Donald Trump has unleashed America’s nastiest Presidential election yet. But his latest pronouncements, on the US polls — in fact, the entire system — possibly being rigged, and his posturing — “I’ll keep you in suspense” — that he might not accept the election results have broken even his own record of causing outrage. That is no easy accomplishment. From the beginning to the closing days of this bitter contest, Trump’s made discriminatory statements that left the world in disbelief. His identity-based slurs, from suggesting all Muslims be banned from entering the US to claiming Mexico provided America with numerous rapists and drug-dealers — “bad hombres”, as he calls them — who should be kept out via a great wall, broke multiple conventions. His views on women shattered all norms of civilised talk, Trump repeatedly attacking women over their physiology, defiant even over footage showing him bragging about brutishly groping women, breezily dismissing this as “locker room talk”. Some women stated Trump did assault them, to one, the Republican nominee responded — no, she wouldn’t have been his first choice.
His railing against the Beltway establishment, his calling out the Clintons’ cosy patronage politics, did strike a chord with many pushed to the margins by the rapid force of change. For some Americans, Trump represents a clever “outsider”, challenging elite political insiders like Clinton. Initially, Trump appeared to mock and shock the status quo, jeering at Washington’s fine words and dirty deals. But his own trash talk seriously dented Trump representing greater transparency and equity. As poll after poll shows him slipping, he’s snarling back — and further undermining himself. Like a bully cornered, Trump finds fault in everything except himself. So the entire media is sold out; “The Donald” even feels the polling system itself could be rigged. President Obama has caustically and helpfully suggested he provide evidence or stop whining. But Trump’s is a fact-free world, he is no agent of positive change but a potentially sore loser.

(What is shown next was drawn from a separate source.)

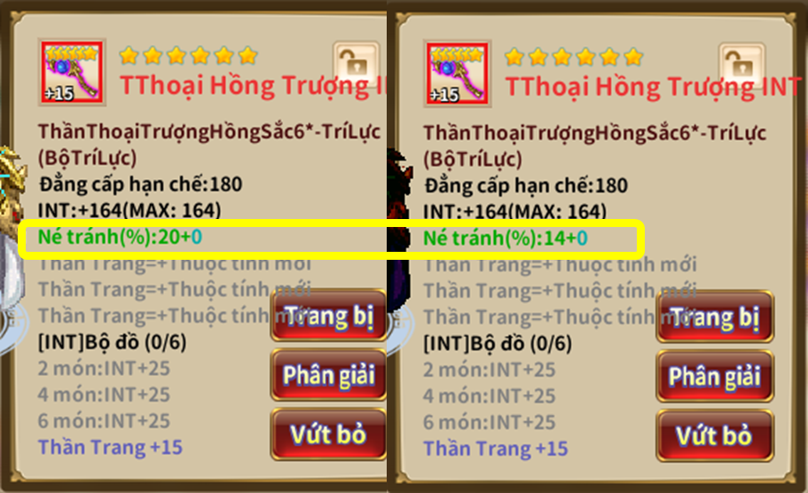 Nếu chỉ cần tập trung vào 1 chỉ số như Né Tránh%, Kháng trạng thái% thì chỉ cần ép thần trang trắng / lục ( các thần trang ít dòng ) để chọn dòng mình cần . Thần trang đỏ các chỉ số sẽ nhảy vào các dòng ko cần.

His latest hissy fit has broken his USP — he’s now a Presidential candidate who doesn’t believe in the sanctity of the very process by which a President is chosen, thereby unlikely to follow the procedures a President must. Previously, Trump showed dangerously anti-democratic tendencies, suggesting he’d imprison Clinton if he won, felicitating Russians hacking US election data, stating Clinton — whom he calls “a nasty woman” — shouldn’t even be allowed to contest. He’s now shown himself to be a petulant, spoilt bully, who can’t change what’s broken in America. He can perhaps benefit it by vanishing behind his own metaphorical wall.